SENTENÇA
Processo Digital nº: 1080759-32.2017.8.26.0100
Classe - Assunto Procedimento Comum - Rescisão do contrato e devolução do dinheiro Requerente: Carlos Gonçalves Braga e outro
Requerido: Gt 13 Empreendimentos Imobiliários Ltda.
Juiz(a) de Direito: Dr(a). Rodolfo César Milano
Vistos.
Trata-se de "ação de rescisão contratual cumulada com restituição de valores e pedido de antecipação de tutela" proposta por CARLOS GONÇALVES BRAGA e
MICHELLE APARECIDA ANTONIO em face de GT 13 EMPREENDIMENTOS IMOBILIÁRIOS LTDA, pela qual relatam que firmaram com a requerida contrato de compromisso de compra e venda para aquisição de imóvel no empreendimento unidade imobiliária n° 157 – bloco 2, 'Carolina Village', pelo valor de R$271.935,05 (duzentos e setenta e um mil, novecentos e trinta e cinto reais e cinco centavos), dos quais quitaram R$ 35.040,37 (trinta e cinco mil, quarenta reais e trinta e sete centavos). Alegam que não conseguem mais arcar com os pagamentos devidos, não havendo mais interesse na manutenção da avença. Com isso, notificaram a requerida, que permaneceu silente acerca da rescisão e da restituição dos valores. Requerem a declaração de rescisão do contrato, com a devolução 90% do valor pago.

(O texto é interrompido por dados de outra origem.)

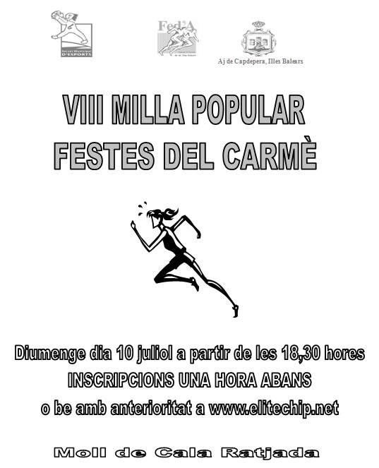 1.- LA MILLA POPULAR FESTES DEL CARME  es celebrarà al moll de Cala Ratjada diumenge dia 10 de juliol a partir de les 18,30 hores amb curses per nins i a les 19 hores la cursa principal, sota l’organització de la Comissió de Festes del Carme, Capdepera en Joc i el Servei Municipal d’Esports de l’Ajuntament de Capdepera. El control tècnic de la prova estarà a càrrec del Comitè provincial de Jutges de la Federació d’Atletisme, amb l’obligació per part dels atletes d’acatar les seves ordres, així com aquelles que venguin de l’organització i dels agents de l’autoritat.

Juntaram documentos às págs. 18/74.
A decisão inicial de págs. 75/80 deferiu o pedido de tutela antecipada para determinar que a requerida se abstenha de efetuar qualquer cobrança de parcelas do contrato e de promover a inscrição do nome da autora nos órgãos de proteção ao crédito.
Devidamente citada, a parte requerida contestou a ação às págs. 97/105. Argui que no ato da contratação, os autores ajustaram e consentiram que, em caso de rescisão contratual a devolução de valores se daria conforme a cláusula 5.3.1, "b", do contrato, a qual prevê que, em
caso de rescisão contratual, provocada pela autora, que a devolução será feita na ordem de 20% do valor pago. Alega que os autores pagaram R$ 35.040,37 (trinta e cinco mil, quarenta reais e trinta e sete centavos), devendo receber a quantia de R$ 28.032,29 (vinte e oito mil, trinta e dois reais e vinte a nove centavos). Aduz que o termo inicial da contagem de juros deverá ser determinado para que se iniciem somente após o trânsito em julgado. Sustenta, em linhas gerais, a improcedência da ação, eis que a rescisão ocorreu por culpa exclusiva da parte autora, legalidade das cláusulas combatidas, observando-se o e princípio pacta sunt servanda.

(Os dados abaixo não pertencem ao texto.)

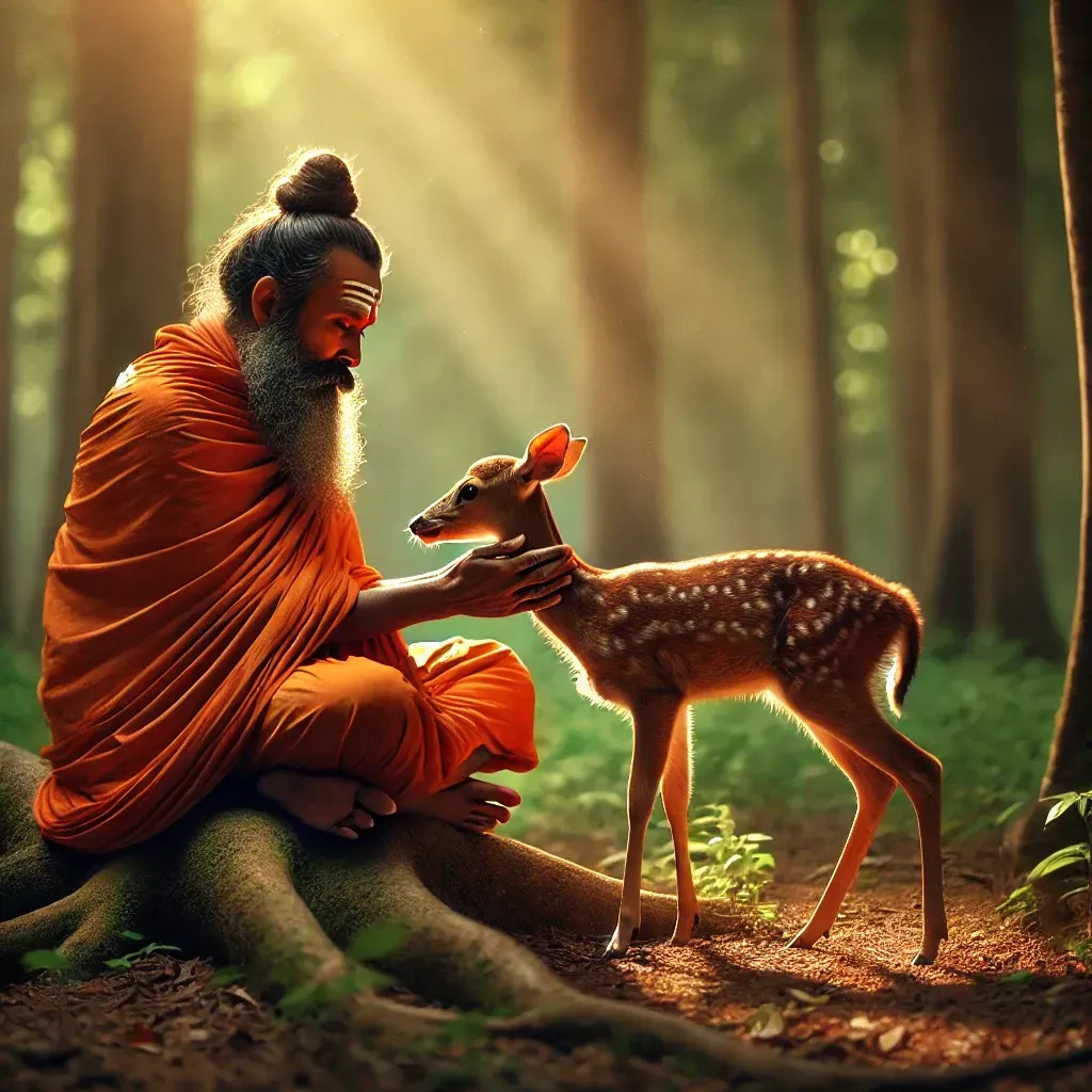 King Bharat was a pious ruler who renounced his kingdom to seek God in the forest. But during his sādhanā, he developed a deep attachment to an orphaned baby deer. This emotional bond consumed his thoughts, and at the time of death, he was thinking only of the deer.

Documentos às págs.106/157.
Réplica às fls. 160/171, repisando in totum os termos da inicial.
Facultada a especificação de provas e questionadas sobre o interesse em audiência de conciliação (págs. 172/173), as partes manifestaram-se às págs. 175 e 176/177, pelo julgamento antecipado da lide.
É o relatório.
Fundamento e Decido
O feito comporta julgamento no estado em que se encontra, uma vez que a matéria alegada nos autos é exclusivamente de direito, dispensando a produção de provas, nos termos do disposto no art. 355, inciso I, do Código de Processo Civil.
Saliento, inicialmente, que a presente lide encontra-se afeta ao microssistema consumerista devido à clara existência de relação de consumo entre as partes. Conforme o exposto na inicial e nos documentos, ficou comprovada a hipossuficiência dos autores em tal relação de consumo, sendo cabível a inversão do ônus da prova, conforme art. 6°, VIII do Código de Defesa do Consumidor.

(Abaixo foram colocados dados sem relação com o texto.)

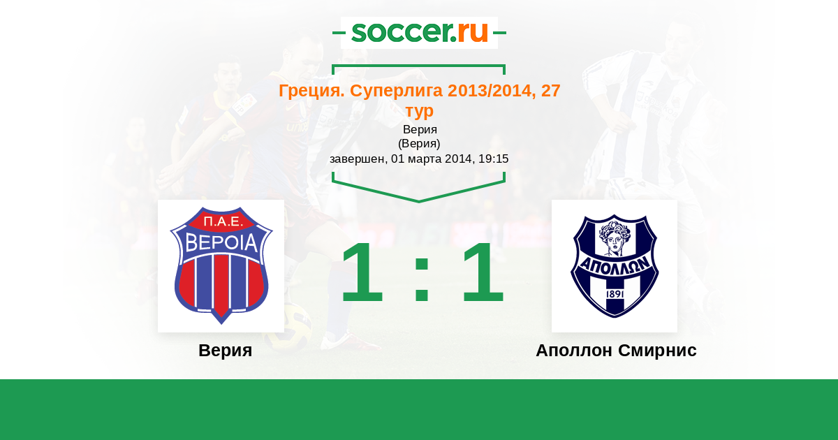 История матча Верия против Аполлон Смирнис

No mérito a ação é procedente.
Dos autos extrai-se que as partes firmam com a requerida contrato de compromisso de compra e venda para aquisição de imóvel no empreendimento unidade imobiliária n° 157 – bloco 2, 'Carolina Village', pelo valor de R$271.935,05 (duzentos e setenta e um mil, novecentos e trinta e cinto reais e cinco centavos), dos quais quitaram R$ 35.040,37 (trinta e cinco mil, quarenta reais e trinta e sete centavos).
a vendedora deduzirá os valores referentes ao sinal pago, despesas de corretagem, despesas com campanhas de vendas no percentual de 5%, com administração do contrato no percentual de 5%, 7,38% dos valores pagos, em razão das despesas tributárias, e 10% sobre os valore pagos, a título de multa penal (cláusula 5.3.1 págs. 51/52).
Em considerações iniciais, este Juízo tem conhecimento de que os contratos foram elaborados para vigerem em sua integralidade durante o tempo, o que, por outro lado, não impede que um dos contratantes, no caso os compradores, se utilizem do instituto jurídico da rescisão, o que, reunido com os demais fatos, demonstram a legalidade deste pedido.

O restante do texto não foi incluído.